Tyler Cowan makes an interesting point -- countries have had success in cutting spending when the public trusts the government:
The received wisdom in the United States is that deep spending cuts are politically impossible. But a number of economically advanced countries, including Sweden, Finland, Canada and, most recently, Ireland, have cut their government budgets when needed.
Most relevant, perhaps, is Canada, which cut federal government spending by about 20 percent from 1992 to 1997. The Liberal Party, headed by Jean Chrétien as prime minister and Paul Martin as finance minister, led most of this shift. Prompted by the financial debacle in Mexico, Canadian leaders had the courage and the foresight to make those spending cuts before a fiscal crisis was upon them. In his book “In the Long Run We’re All Dead: The Canadian Turn to Fiscal Restraint,” Timothy Lewis describes Canada’s move from fiscal irresponsibility to a balanced budget — a history that helps explain why the country has managed the current global recession relatively well.
To be sure, the spending cuts meant fewer government services, most of all for health care, and big cuts in agricultural subsidies. But Canada remained a highly humane society, and American liberals continue to cite it as a beacon of progressive values.
Counterintuitively, the relatively strong Canadian trust in government may have paved the way for government spending cuts, a pattern that also appears in Scandinavia. Citizens were told by their government leadership that such cuts were necessary and, to some extent, they trusted the messenger.

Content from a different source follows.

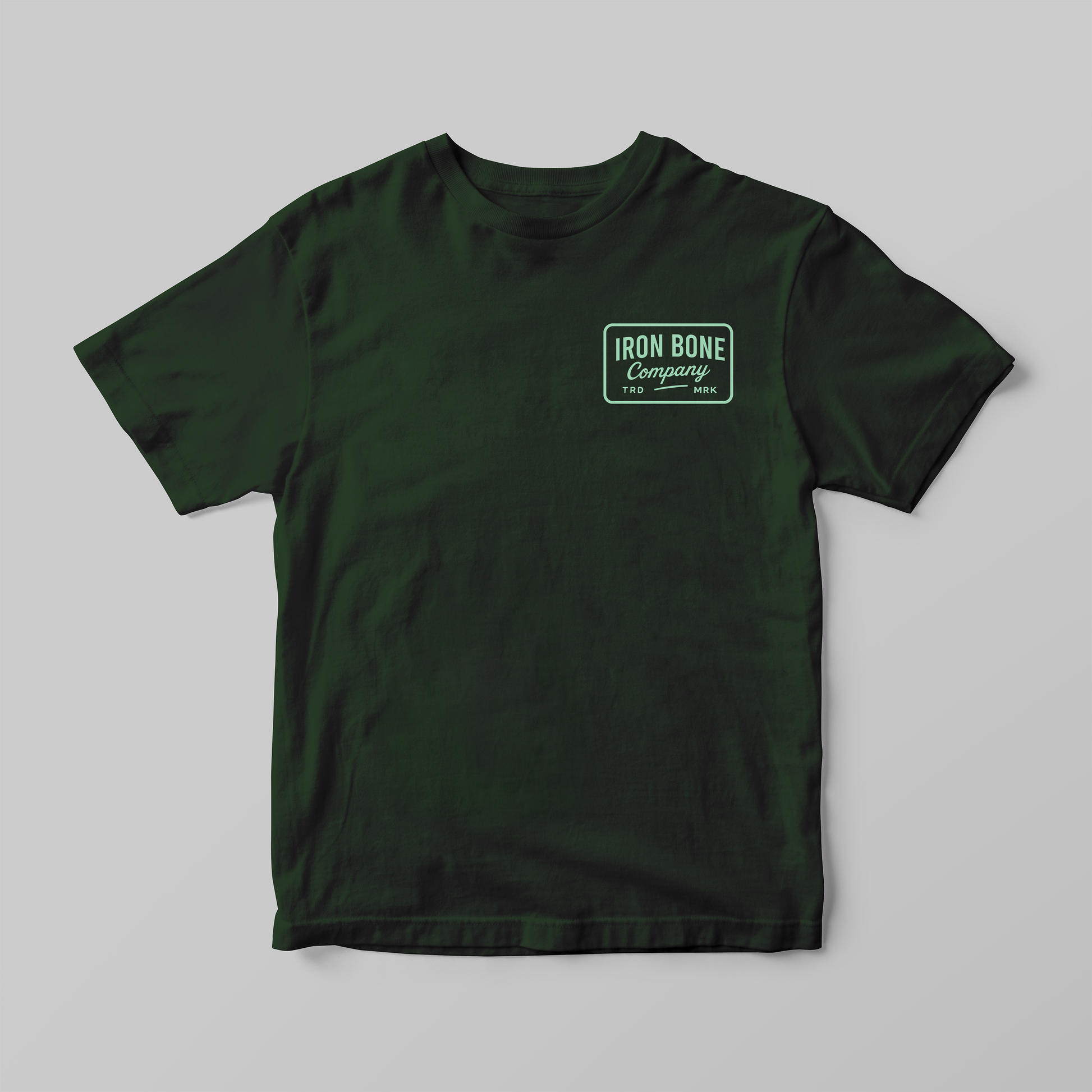 Finished in forest green with bold Iron Bone Co. logo prints on the front and back, this tee embodies our motto — Work In. Work Out.

Coincidentally, a new Pew poll shows that American distrust of government has reached a new high. The conservative line holds that this is an ideological reaction to President Obama's socialistic agenda, one that will result in a conservative backlash that will limit the size of government. (See Bill Kristol spouting this most recently here.)
But this analysis gets both the cause and the result of public discontent wrong. First, the cause. Americans have generally grown more distrustful of government since the Vietnam war and Watergate. However, the trend is far from linear, and it correlates pretty strongly with economic conditions. Derek Thompson has a chart here:
Note that massive rise in trust during the 1990s, which corresponded with an economic boom. Conservatives always convince themselves that any positive turn in their political fortunes must result from Americans awakening from their misguided and flukish embrace of Democrats and embracing their small-government roots. The truth is that Americans may oppose spending in the abstract but they favor it in almost every particular. Indeed, one of the Republicans' most powerful attacks on Obama was the charge that he'd cut Medicare, which explains why Kristol has been urging his party to undo Obama's Medicare cuts.

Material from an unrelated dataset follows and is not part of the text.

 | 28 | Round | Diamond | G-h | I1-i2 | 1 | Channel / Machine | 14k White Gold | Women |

Distrust of government makes Americans distrust everything people in governemnt say or do, including cut spending, which -- with the exception of a few programs seen to help "others," like welfare and foreign aid -- tends to be wildly unpopular. Democratic control of government during an economic crisis has indeed made the party's favorability sink to GOP-esque levels:
But this will hardly help Republicans carry out a small government agenda if and when they take power as a result. If they try, they will probably run into the same buzzsaw that destroyed them in 1995. Or else, like the Bush-era GOP, they'll use their power to tilt the burden and benefits of government in favor of the rich and powerful without really shrinking the size of government.